[Collected data entries]
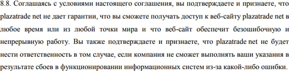 В любой момент вся шарашка Плаза Трейд может накрыться медным тазом и перестать предоставлять заявленные услуги. Об этом сами мошенники написали в своем антидоговоре.
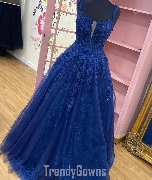 Trendy Dark Blue Lace Beading Prom Dress SREAL042
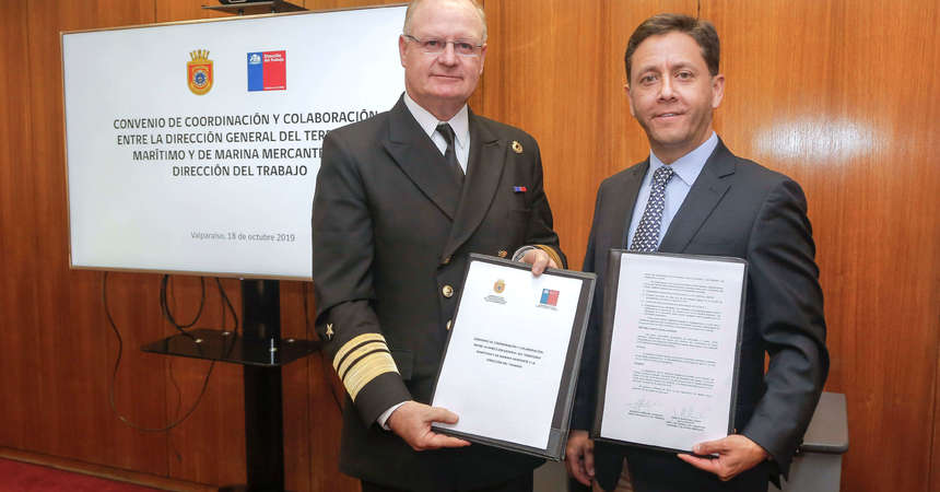 Un convenio de coordinación y colaboración para hacer cumplir las normas laborales y de seguridad y salud de trabajadores y tripulantes en puertos y alta mar firmaron el viernes 18 de octubre, en Valparaíso, la Dirección del Trabajo (DT) y la Dirección General del Territorio Marítimo y de Marina Mercante (DIRECTEMAR).
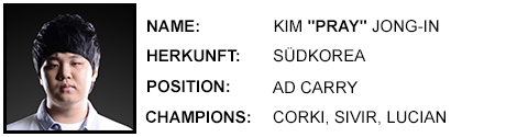 Auf der Position des ADC sind die KOO Tigers mit Pray sehr gut besetzt, der als Spieler schon seine gesamte Karriere Lob von allen Seite erhielt. "imp" bezeichnete ihn einst als "ein Genie auf seiner Position". Dieses Jahr spielte er solide und erreichte genau wie sein Midlane-Kollege Kuro, im Spring Split die höchste KDA aller Schützen in Korea. Ob er jedoch auf dem Niveau von anderen internationalen AD Carries ist, werden wir bald sehen. Vorallem das Duell mit CLG's Doublelift wird sehr interessant anzuschauen sein.
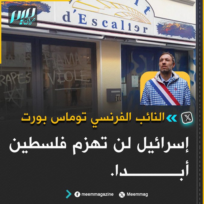 النائب الفرنسي توماس بورت يندد بكتابة أشخاص مؤيدين لإسرائيل عبارة "إسرائيل ستنتصر" على أبواب معرض لأعمال فنية فلسطينية في باريس.
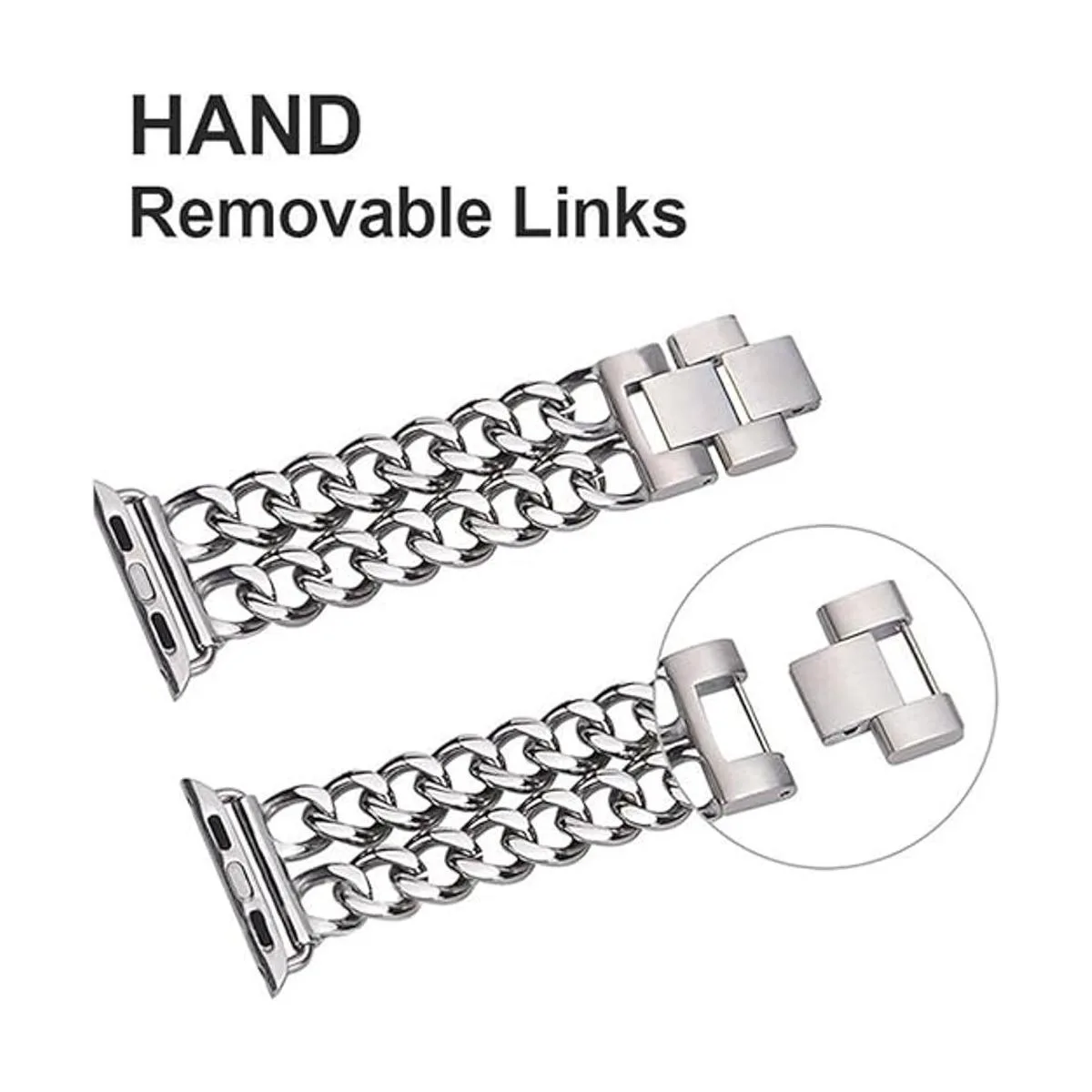 Seoaura correa de repuesto compatible con Apple Watch de 1.65 pulgadas y 1.73 pulgadas, cadena de acero inoxidable, estilo vaquero, para iWatch Series 6, 5, 4, 3, 2, 1, Nike, Sport
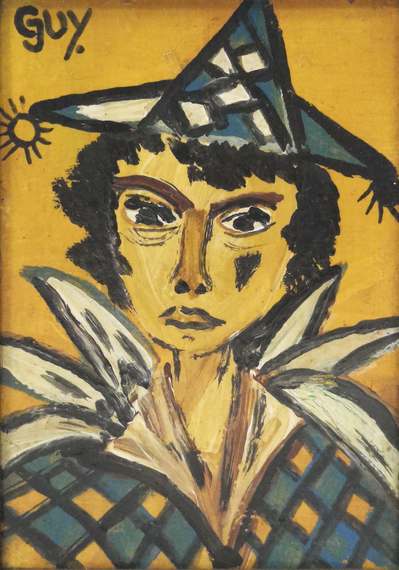 Arlequin, huile sur toile marouflée sur bois, signée, 10x7 cm
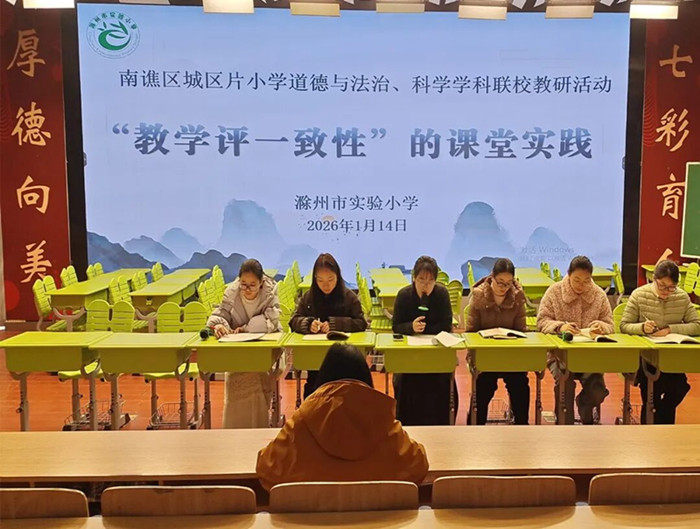 为深化课堂教学改革,落实“教学评一致性”核心理念,促进校际教育教学经验交流,1月14日,滁州市南谯区城区片小学道德与法治、科学学科联校教研活动在滁州市实验小学举办。城区片各小学道德与法治、科学学科骨干教师代表参与了此次活动。

## Task instructions
Only exact lines belong in the answer: those from the beginning of the entries above through the line holding "Trendy Dark Blue", with no pictures.

## Output below
 В любой момент вся шарашка Плаза Трейд может накрыться медным тазом и перестать предоставлять заявленные услуги. Об этом сами мошенники написали в своем антидоговоре.
 Trendy Dark Blue Lace Beading Prom Dress SREAL042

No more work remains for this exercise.